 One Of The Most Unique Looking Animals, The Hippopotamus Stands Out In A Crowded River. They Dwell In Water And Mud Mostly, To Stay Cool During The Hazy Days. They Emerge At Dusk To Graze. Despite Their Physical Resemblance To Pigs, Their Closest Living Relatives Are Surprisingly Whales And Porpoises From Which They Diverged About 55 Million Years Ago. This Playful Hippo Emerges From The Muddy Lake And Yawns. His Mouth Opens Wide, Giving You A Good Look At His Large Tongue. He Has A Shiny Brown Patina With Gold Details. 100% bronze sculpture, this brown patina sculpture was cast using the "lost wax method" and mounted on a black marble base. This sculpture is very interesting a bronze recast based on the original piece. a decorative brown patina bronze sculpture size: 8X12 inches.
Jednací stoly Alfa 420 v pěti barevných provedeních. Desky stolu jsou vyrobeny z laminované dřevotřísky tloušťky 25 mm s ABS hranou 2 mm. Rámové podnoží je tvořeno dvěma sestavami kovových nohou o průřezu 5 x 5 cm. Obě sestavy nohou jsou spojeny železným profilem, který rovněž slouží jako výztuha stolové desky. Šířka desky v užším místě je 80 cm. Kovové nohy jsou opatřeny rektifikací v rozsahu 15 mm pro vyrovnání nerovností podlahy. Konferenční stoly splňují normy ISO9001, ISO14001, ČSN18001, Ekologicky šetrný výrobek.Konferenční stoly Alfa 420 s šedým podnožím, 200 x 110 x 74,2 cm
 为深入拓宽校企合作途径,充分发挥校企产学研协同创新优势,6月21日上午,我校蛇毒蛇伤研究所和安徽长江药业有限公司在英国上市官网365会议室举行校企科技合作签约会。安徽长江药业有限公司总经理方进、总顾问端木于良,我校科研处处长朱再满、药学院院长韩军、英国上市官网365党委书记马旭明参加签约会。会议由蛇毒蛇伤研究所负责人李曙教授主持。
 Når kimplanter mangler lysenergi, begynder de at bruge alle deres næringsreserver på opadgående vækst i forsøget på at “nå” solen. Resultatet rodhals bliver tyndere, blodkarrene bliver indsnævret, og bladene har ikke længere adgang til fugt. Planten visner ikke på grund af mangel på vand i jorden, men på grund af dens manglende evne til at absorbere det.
--
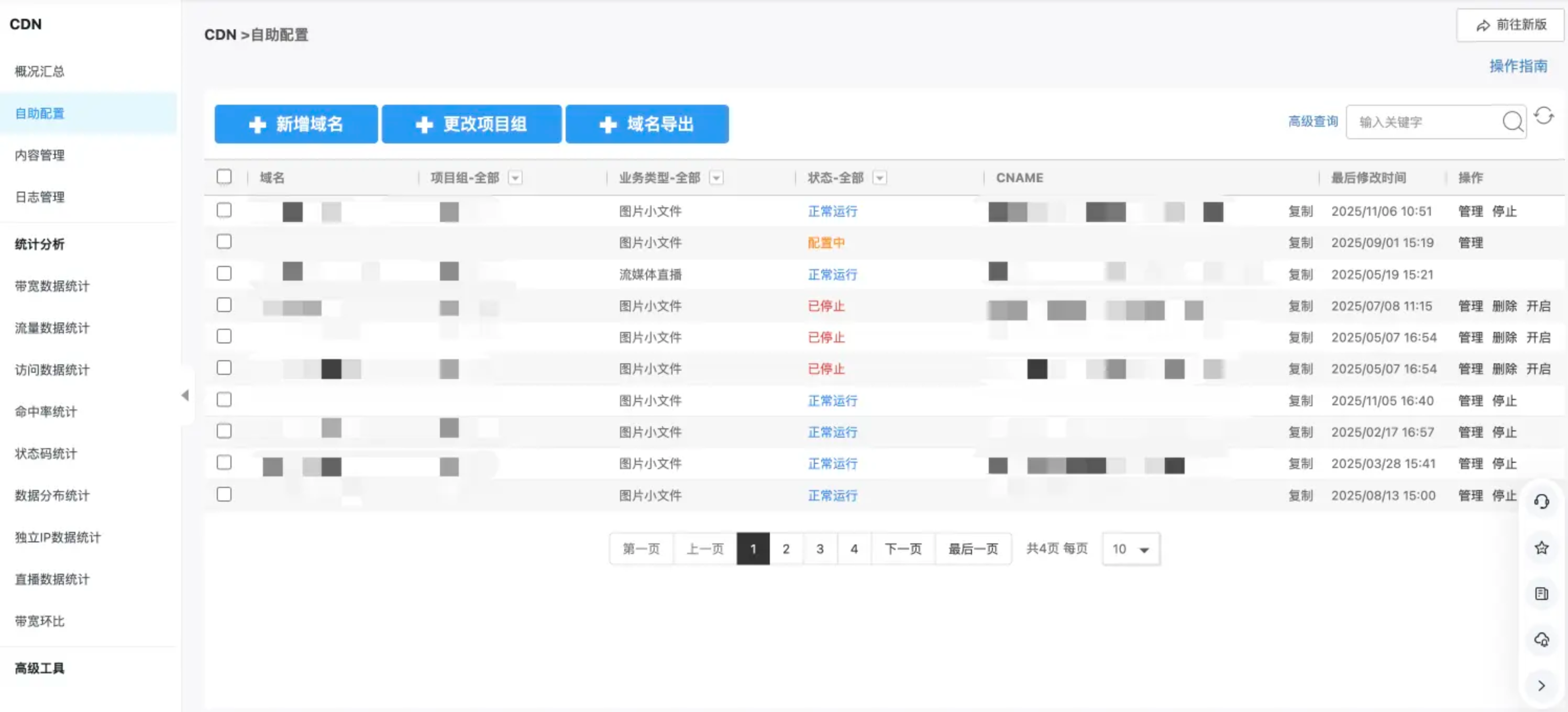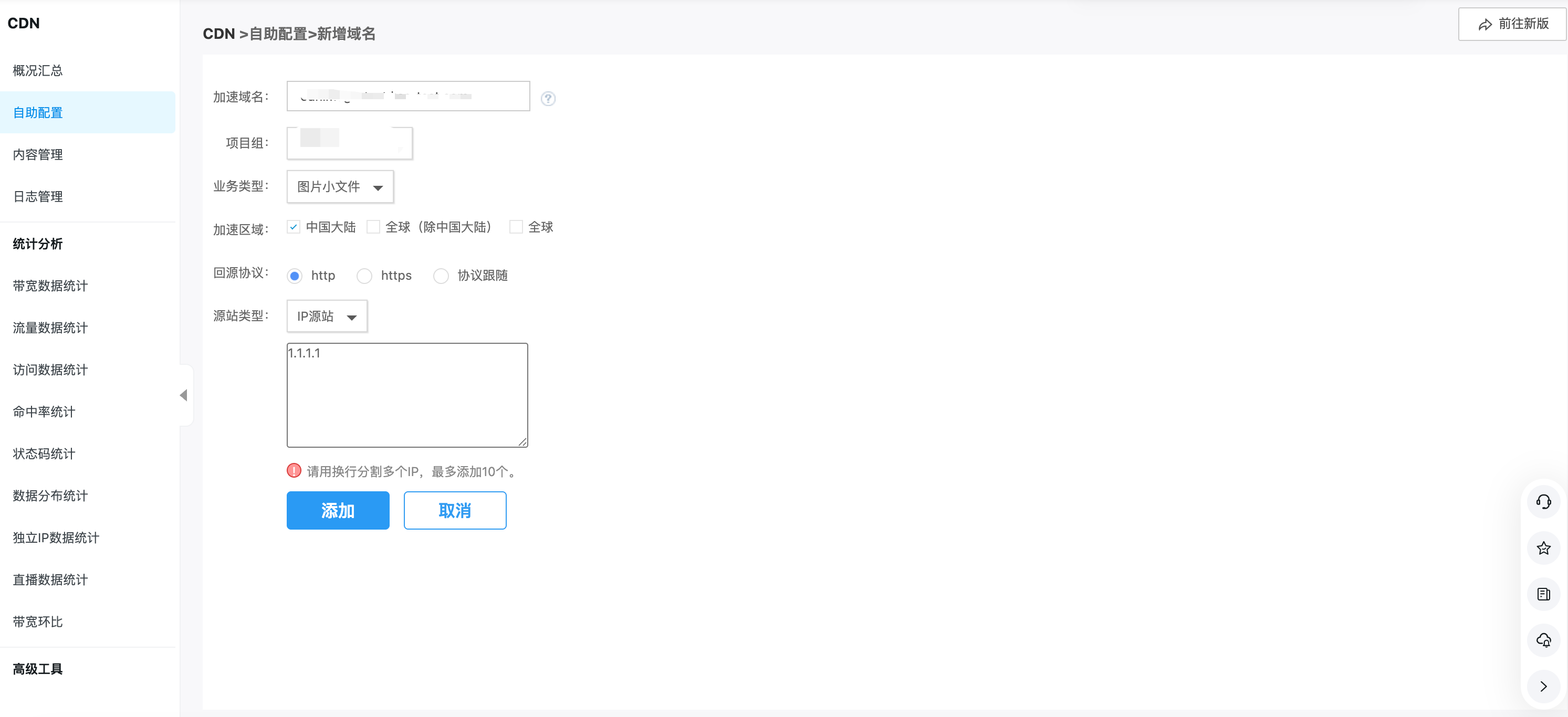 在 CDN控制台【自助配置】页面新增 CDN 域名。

* WORK ORDER *
Restate word for word the entries above from the line with "Jednací stoly Alfa" through the line with "Når kimplanter mangler", inclusive, leaving out everything else.

* WRITTEN SOLUTION *
Jednací stoly Alfa 420 v pěti barevných provedeních. Desky stolu jsou vyrobeny z laminované dřevotřísky tloušťky 25 mm s ABS hranou 2 mm. Rámové podnoží je tvořeno dvěma sestavami kovových nohou o průřezu 5 x 5 cm. Obě sestavy nohou jsou spojeny železným profilem, který rovněž slouží jako výztuha stolové desky. Šířka desky v užším místě je 80 cm. Kovové nohy jsou opatřeny rektifikací v rozsahu 15 mm pro vyrovnání nerovností podlahy. Konferenční stoly splňují normy ISO9001, ISO14001, ČSN18001, Ekologicky šetrný výrobek.Konferenční stoly Alfa 420 s šedým podnožím, 200 x 110 x 74,2 cm
 为深入拓宽校企合作途径,充分发挥校企产学研协同创新优势,6月21日上午,我校蛇毒蛇伤研究所和安徽长江药业有限公司在英国上市官网365会议室举行校企科技合作签约会。安徽长江药业有限公司总经理方进、总顾问端木于良,我校科研处处长朱再满、药学院院长韩军、英国上市官网365党委书记马旭明参加签约会。会议由蛇毒蛇伤研究所负责人李曙教授主持。
 Når kimplanter mangler lysenergi, begynder de at bruge alle deres næringsreserver på opadgående vækst i forsøget på at “nå” solen. Resultatet rodhals bliver tyndere, blodkarrene bliver indsnævret, og bladene har ikke længere adgang til fugt. Planten visner ikke på grund af mangel på vand i jorden, men på grund af dens manglende evne til at absorbere det.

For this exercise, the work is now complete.